SOA and BPM Tend to Overlook the Complexity of Integrating Fragmented Enterprise Data
Posted in Architecture, Benefits, Best Practices, Data Integration, Data Quality, Data Services, SOA by Informatica | 2 Comments![]() |
This blog post focues on the typical data-centric challenges that SOA and BPM deployments face. Without accurate, consistent and timely information, SOA and BPM cannot effectively deliver on their promise. I look forward to your take on this.
As we know, SOA uses a simple Web services paradigm to address high-level application integration and business process orchestration, but it cannot address more granular data issues. Semantic inconsistencies, inaccuracies, diverse data formats and access mechanisms, varying requirements for data latencies and volume are some examples. Typical SOA and BPM deployments assume the availability of readily consumable information. This introduces the costly risk of data inconsistency and inaccuracy surfacing later and undermining the business and IT value of an SOA or a BPM initiative.
I think that in order to maximize the business and IT value of an application-centric integration strategy, organizations need to look closely at data integration challenges, requirements, and prospective solutions. Focusing on application-centric integration approaches like SOA, BPM, EAI, and ESB which promise agility, unless complemented by sophisticated data integration platform, most likely will fail to deliver on that promise. The platform has to deliver holistic and accurate information as a service to consuming applications and business processes, exactly at the speed and latency needs of the business. Our Real-Time resource center looks at this in more detail.
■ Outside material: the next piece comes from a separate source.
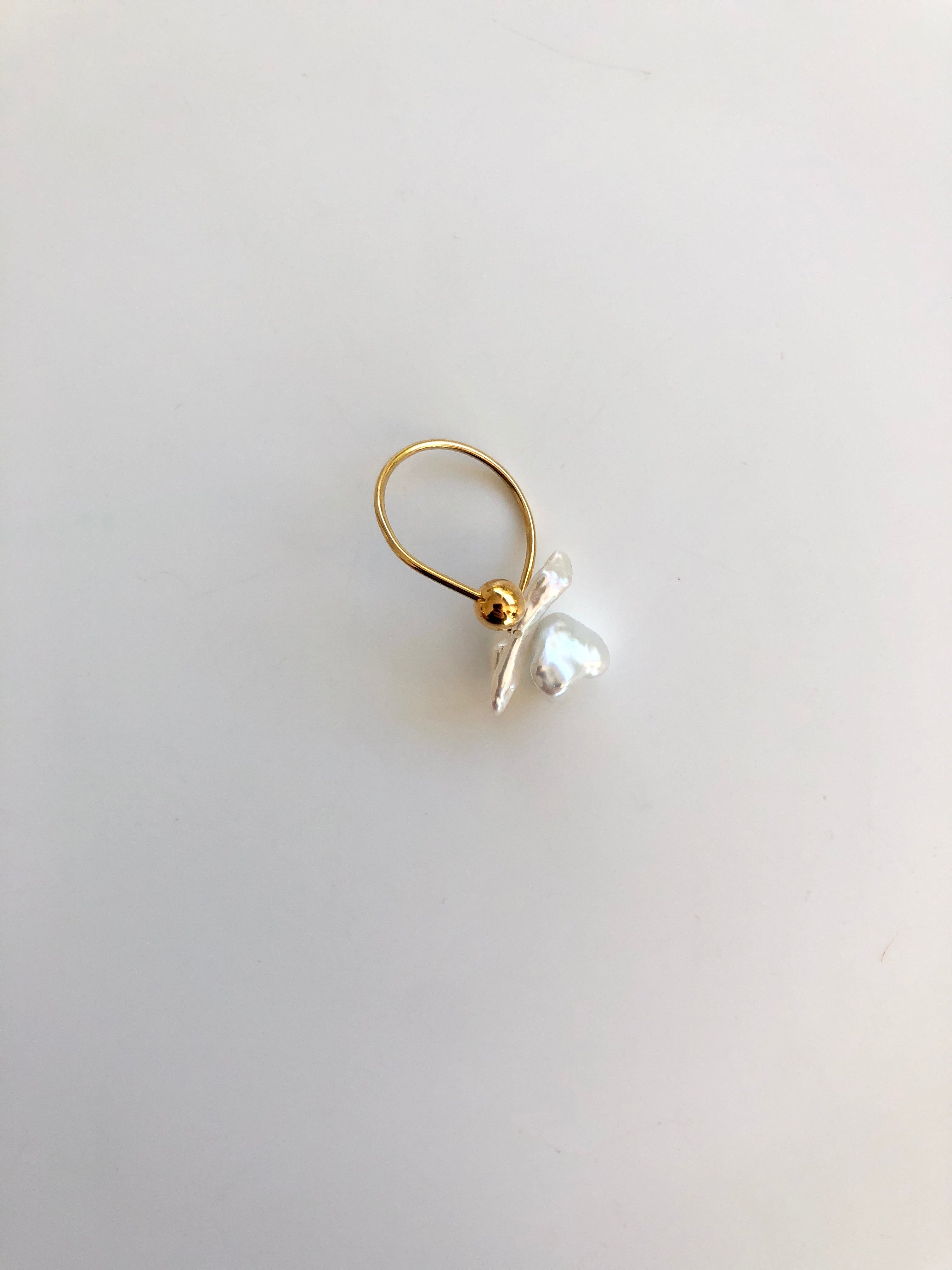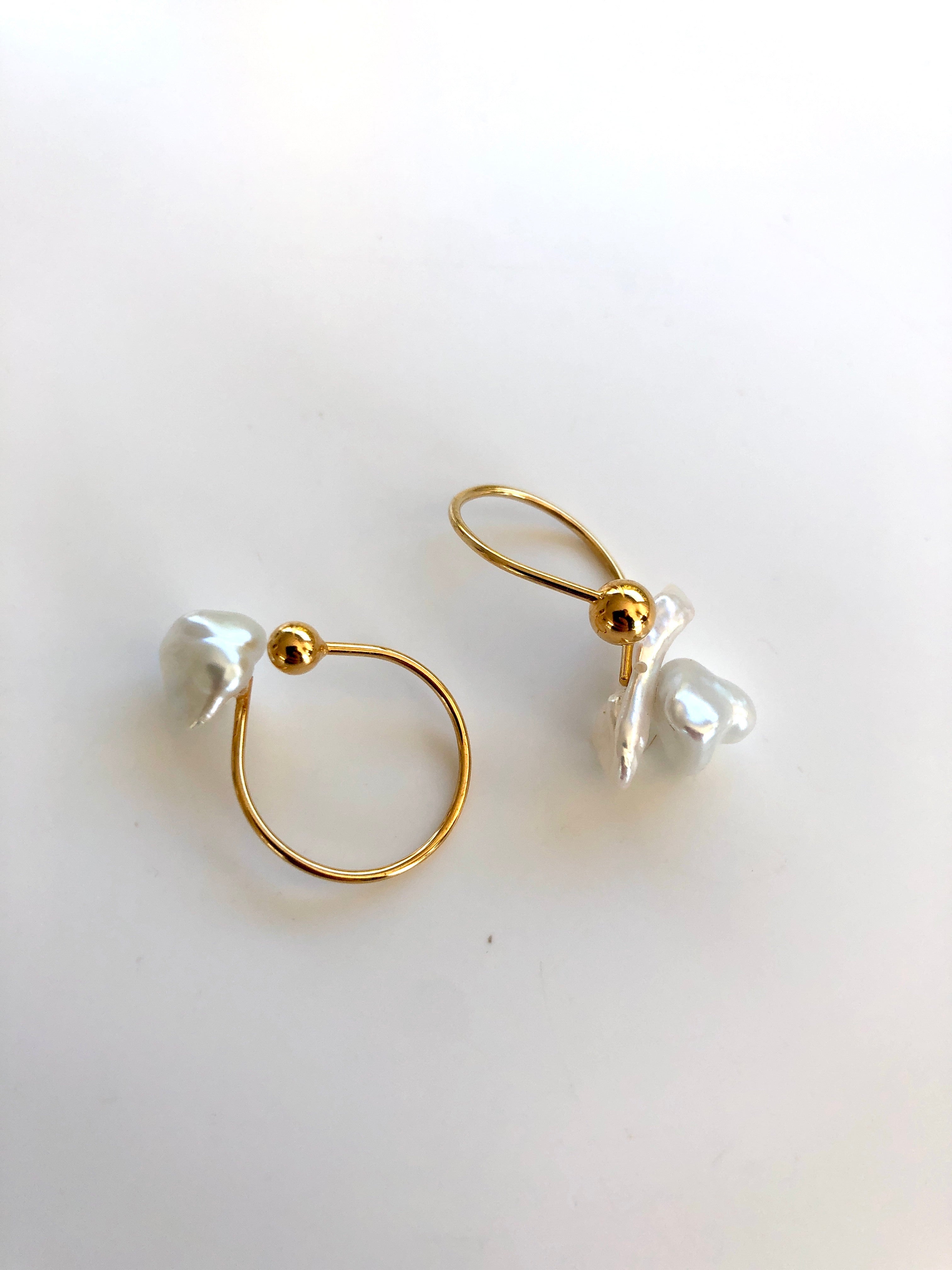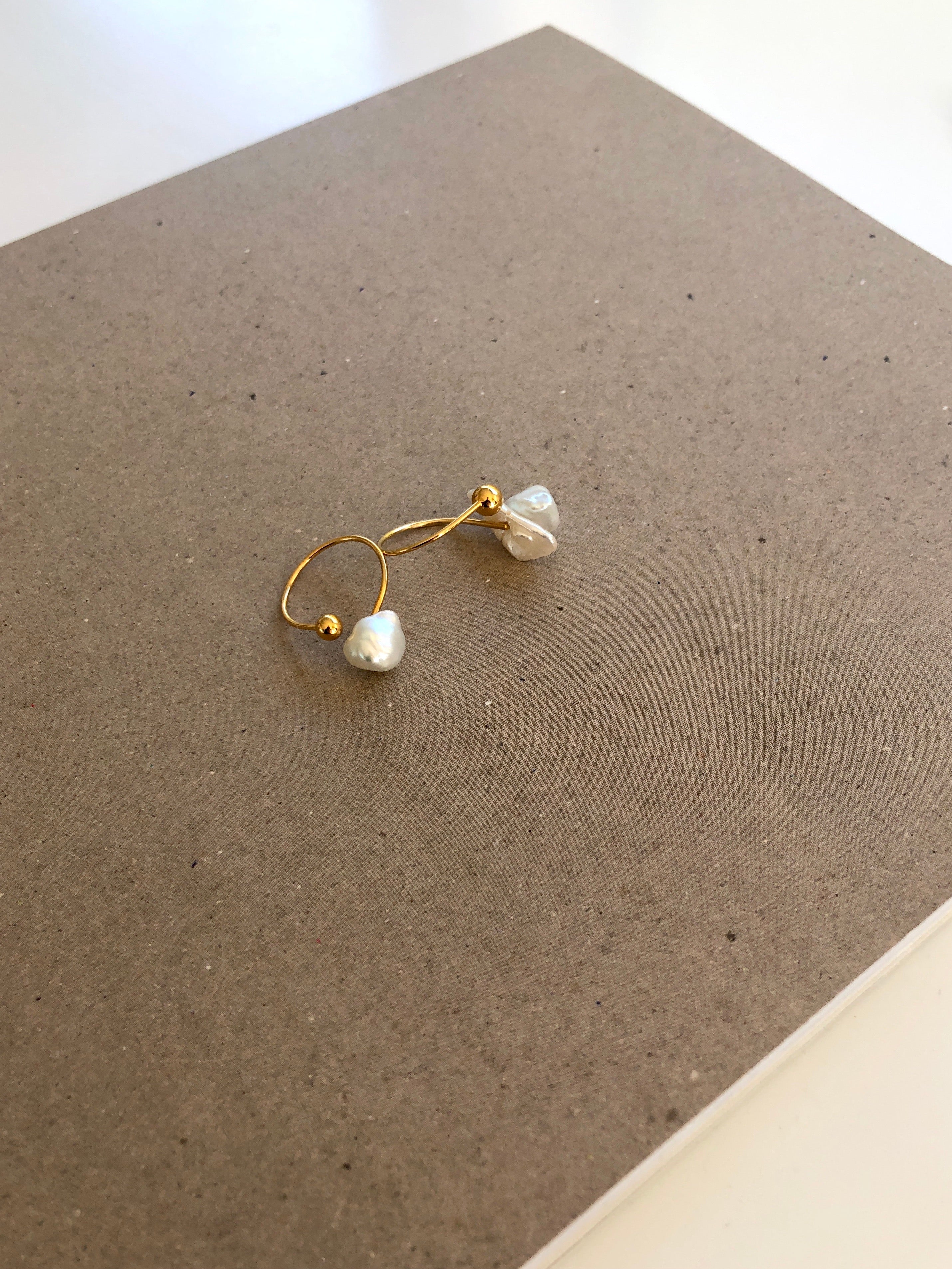 This unique Ring is designed with love for nordic minimalism with a feminine twist. The combination of Baroque pearls and a simply ball makes this ring one of a kind.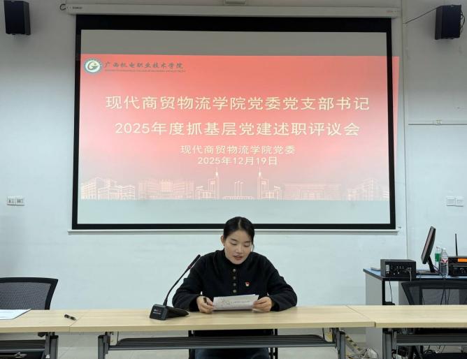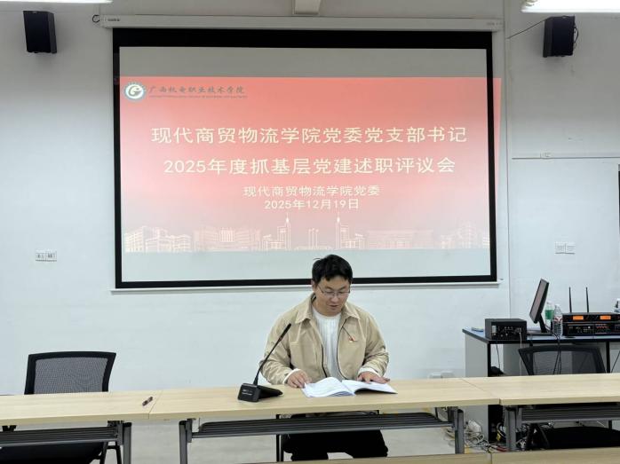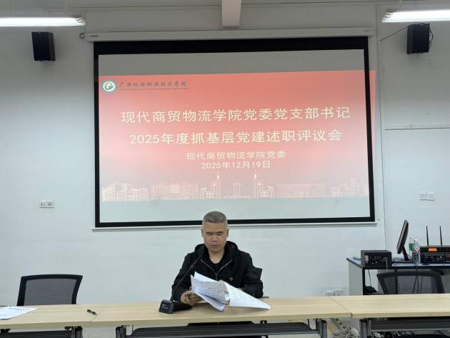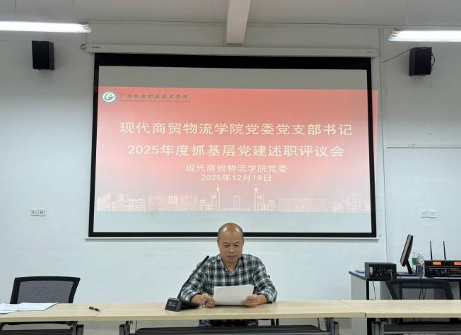2025年12月19日,现代商贸物流学院党委在学院206会议室召开2025年度基层党组织书记抓基层党建工作述职评议会。学院领导班子成员、各党支部书记及委员、党代会代表、教代会代表、党员代表参加会议。由学院院长习波主持会议并讲话。

What do you think about real-time or right-time data integration? Do you agree that without considering an organization’s flexible latency needs (from batch to real-time), business agility is at risk?
Ted Friedman, VP Distinguished Analyst, Gartner recently stated, "Most important for organizations to recognize is that their data integration will require a mix of latencies — while real-time activity is on the increase, there will always be a need for higher-latency data integration work, since not all data in the architecture changes frequently, and not all processes, teams and roles are capable of harnessing real-time data."
Do you agree? What’s been your experience?